[12.Bölüm]
Sang-ho esneyerek gözlerini yavaşça açtı. Song Mi-cha onun dizlerinde mışıl mışıl uyuyordu. Sang-ho bir müddet onun melek uykusunu izledi. Ellerini yavaşça Mi-cha'nın saçlarına götürüp okşamaya başladı. Mi-cha'nın gülümsediğini farketti.
- Saçlarımı mı okşuyorsun?
Sang-ho hemen elini onun saçlarından çekti. Mi-cha gözlerini açıp gülümseyerek ona baktı.
-Hayır, okşamıyordum. Saçına yaprak, küçük otlar düşmüş onları temizliyordum.
-O zaman şimdi okşar mısın?
Sang-ho yutkundu. Bu arada John gelip onların yanına oturdu ve Mi-cha'nın alnına bir öpücük kondurdu.
-Günaydın Mi-cha, günaydın Sang-ho.
Mi-cha ve Sang-ho John'un bu ani hareketine çok şaşırmışlardı. Sang-ho donuk bir sesle "günaydın" dedikten sonra Mi-cha'nın başını dizlerinden kaldırıp ayağa kalktı.
-Sang-ho nereye?
-Hava alacağım.
John ve Mi-cha bir süre Sang-ho'nun arkasından baktı. Daha sonra John Mi-cha'ya gülümseyip birden ellerini çarptı.
-Bil bakalım senin için ne yaptım?
Mi-cha'nın aklı hala Sang-ho'daydı ama belli etmemek için gülümsemeye çalıştı.
-Ne yaptın?
John hızla ayağa kalkıp yan çadırın içine girdi ve birkaç saniye sonra elinde bir tepsiyle çıkıp Mi-cha'nın yanına geldi.
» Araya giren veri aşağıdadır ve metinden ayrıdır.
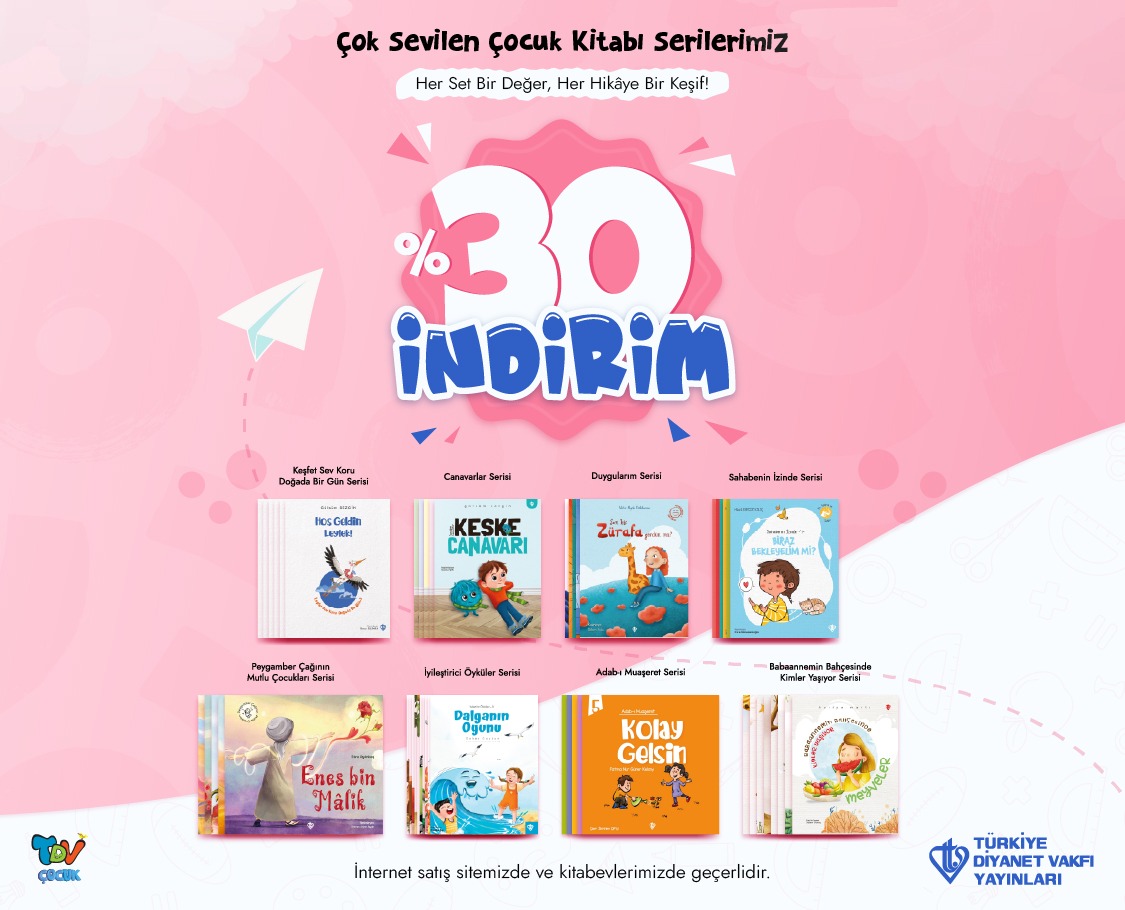 İslam kitapları ve hediyelik ürünleriyle olduğu kadar çocuk kitapları ve genç kitapları serileri ile geniş bir külliyat oluşturan Türkiye Diyanet Vakfı Yayınları’nda bu serilere %30 indirim tanımlanmış. Siz de çocuk kitapları serilerini yakından incelemek ve satın almak için TDV e-satış sitesi ve TDV Kitabevlerini ziyaret edebilirsiniz.

Mi-cha tepsidekileri görünce gözleri büyüdü.
-J..john, bunların hepsini sen mi yaptın?
John kocaman gülücükler saçıyordu.
-Evet. Güne güzel bir kahvaltıyla başlaman gerektiğini düşündüm. Çilek reçeli, portakal suyu, sandviç, sosis...
-İnanmıyorum. Nefis görünüyorlar.
-Beğendin mi?
-Hem de çok. Şey ama...diğerleriyle kahvaltı yapmamız daha doğru olmaz mıydı?
-Hiçbiri benim sana hazırladığım kahvaltı kadar sağlıklı ve nefis olmaz emin ol. Hadi başla.
-Tamam ama sen de benimle ye.
-Peki.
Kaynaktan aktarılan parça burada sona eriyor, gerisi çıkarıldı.